Monday, 7 October 2013

September 2013 Review

September usually goes by in a flash.

Swimming after work is now part of the routine. I'd been thinking about doing that for a while, but it took the insomnia thing to kick me into it. My swimming has rapidly improved, and I aim for fifteen minutes of fairly serious exertion, rather than long marathons. I graduated to proper dead-lifts on the Big Wheels, and am now at 3x10x60 kgs. Stop sniggering: you don't have my curved lower spine, which means I have to be super-careful about style, and need I remind you, you're way younger than me. Pull-ups are still a sticking-point: I'm doing more reps, but at levels of support that are truly embarrassing.

Sometimes the little things make a difference. I replaced the XL tee-shirts I've been wearing for years under my blue office shirts with some L Autographs from M&S, and though those hug my abs in a non-flattering way, my office shirts now fit a lot better.

One lunchtime I went down to Byron near Spitalfields Market and ordered a Classic-no-onions to take away, and haven't looked back. One big dose of cow at half-one or so sets me up for the rest of the day. I don't feel drowsy at 15:00 and I don't feel sugar-crashed at 16:30 either. It's not the cheapest lunch, but what use is a snack that sends me to sleep and bounces my blood-sugar?

Sis and I had supper at Marco Pierre White's Steak and Alehouse on Middlesex Street, which is not as expensive as you might think and a solid meal, and was given a little drama by the Central Line halting for long enough to make me think that catching a bus in the rain at Holborn would be a good idea, which lasted for as long as it took to find out on Tube Checker that the line was running again, and so I jumped off at the next stop and went back to Chancery Lane.
Taking Krauser's comment about not listening to "Woe is me my girl walked out I hate everybody" music, I started to put more instrumentals on the phone for travel-to-work music. Much though I like Seether's Holding On To Strings Better Left To Fray, it does have a negative emotional load I don't need. So as I write, I have Digweed's Structures 2, Bedrock and Live In London, Maya Jane Cole's Heaven, DJ Kicks and Comfort, Sasha's Airdrawndagger, Renaissance's The Mix Collection: The Tale of Us, and a bunch of post rock from Explosions in the Sky and Mogwai.

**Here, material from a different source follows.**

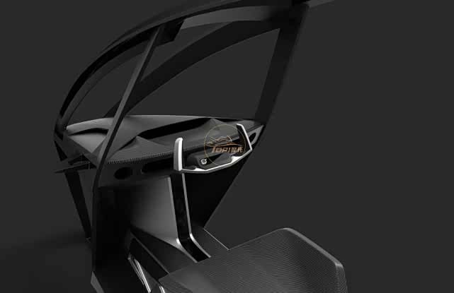 这台车可容纳两名乘客,一前一后,为了他们的安全,还配备前侧安全气囊和四点式安全带,该车总重量500kg。
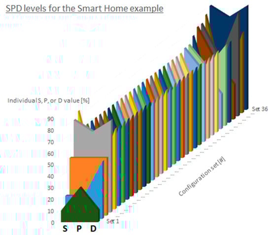 The SPD evaluation is a function of separation among the possible threats and the defended assets. Each property’s value falls in the range of 0–100, with 0 represents no defense and 100 full coverage and separation among the assets and threats. It has to be noted that the absolute SPD of ⟨100,100,100⟩ does not guarantee absolute protection. This designates that all required defense mechanisms have been deployed for all possible interaction points and set correctly, based on the current set of known limitations (e.g., CVE bulletins or CERT reports). Higher rating reveals redundancy of defense mechanisms, as well as, higher operational/implementation expenditures.

I saw Upstream Colour and Rush - I'm just less and less captivated by the movies at the moment; and I read a bunch of stuff, including Sandy Nairn's Art Theft, about recovering the Turners for the Tate, the first volume of Transmetropolitan (Back On The Streets)  and short studies on the history of Pop Art, Mark Rothko, Jasper Johns and Nan Goldin, as well as Fight Club, and Nick and Norah's Infinite Playlist ….. Nick and Norah is way better than the movie and it's genre as a "teen novel" suggests, and I was struck by how much the Manosphere makes more sense after I read Fight Club (the movies isn't quite enough).

The end of the month was Lisbon with side trips to Caiscas and Sintra. What can I say? Amazing food, Bar Baia and Urban Beach Friday night to Saturday morning, hanging out with the guys, dodging the rain, the Paula Rego museum and Atlantic waves in Caiscas, a Sunday morning stroll round the Botanical Gardens, and generally chilling in Barrio Alto cafes and squares while the rest of the gang slept off their hangovers. There are going to be a whole bunch of posts on it.

And I finally found a decent explanation of what a twisting sheaf is and why - props to Andreas Gathmann. So the slow crawl to Riemann-Roch just speeded up a lot.